When we arrived it was too early to know which bar was which with any certainty, as there were very few patrons of any description. Frank found an outside table from which we could watch the lot. Soon we discovered we had chosen the lesbian bar.
Eavesdropping, we realised that Seoul’s Gay Pride March had been that afternoon. In Seoul, like most anywhere else, the evening after the march is party time. Before long, something of a street party was underway before us. After a couple gin & tonics, we struck up conversations with women at the tables adjacent. They, and their male friends who wandered by, all western, all agreed: there are no Korean gays. Of course, this is tongue in cheek — the point being that the culture is so unaccepting of it that they have their own sub-sub-culture, which remains a mystery to westerners — or so sad that even lesbians would rather not speak mockingly of it.
A uniformed patrol of one American MP and two South Korean Army equivalents walked slowly past, eyeing each establishment carefully enough to stop any trouble if they saw it, but not so closely as to recognise any face. Great to see those guys Out for the Street Party! It was a puzzling irony in a puzzling place filed with puzzling people. We took it as our cue to head home.
One last story that infects my impressions of Korea was that of a young man I interviewed for a job in Melbourne.

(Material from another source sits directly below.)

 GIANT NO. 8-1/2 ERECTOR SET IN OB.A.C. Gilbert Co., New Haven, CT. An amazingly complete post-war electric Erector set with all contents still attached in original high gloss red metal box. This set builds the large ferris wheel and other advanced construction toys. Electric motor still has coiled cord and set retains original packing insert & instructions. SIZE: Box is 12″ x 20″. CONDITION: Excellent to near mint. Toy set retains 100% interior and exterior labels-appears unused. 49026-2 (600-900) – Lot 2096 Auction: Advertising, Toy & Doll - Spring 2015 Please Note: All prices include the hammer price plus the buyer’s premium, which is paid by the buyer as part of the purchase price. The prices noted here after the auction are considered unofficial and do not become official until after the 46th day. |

He identified himself as a Korean with permanent residency in Australia, yet I detected a distinctly American accent. Curious about this, I asked how he had come to end up in Australia. He explained that he was born in Seoul but moved to San Francisco at the age of four, where he remained until he turned 18. Then he returned to Korea to fulfil the mandatory military service obligation borne by all male Koreans. Upon completing that, he landed a plum position in Samsung’s procurement department. He explained:
“We worked in a line facing our computers at a table against the wall. The manager would walk up behind us, and whoever he was mad at that day, whoever had displeased him somehow, he would bat on the back of the head with his clipboard. Hard. No explanation. It was a daily event. I had to get out of there.”

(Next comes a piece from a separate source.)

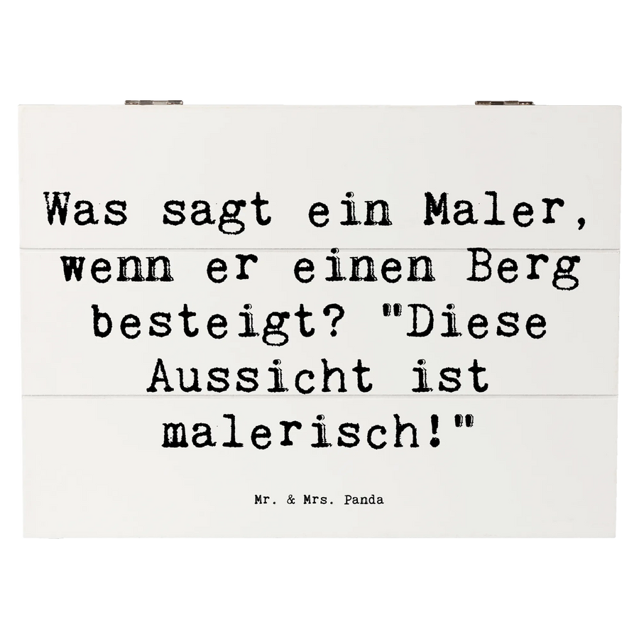 Holzkiste Spruch Was sagt ein Maler, wenn er einen Berg besteigt? "Diese Aussicht ist malerisch!" - 25 x 18 cm - Weiß

You may begin to understand why, on this current trip, I arrived believing Korea to be a bizarre place. It fascinates me. I see that Korea has had a very violent culture for a very long time. It seems they only stop being violent to each other long enough to defend themselves from foreign violence. I observe the relatively recent overlay of American culture has not served to curb such violence. I hoped I’d seen Korea at its worst.
Now, maybe, I could see it at its best.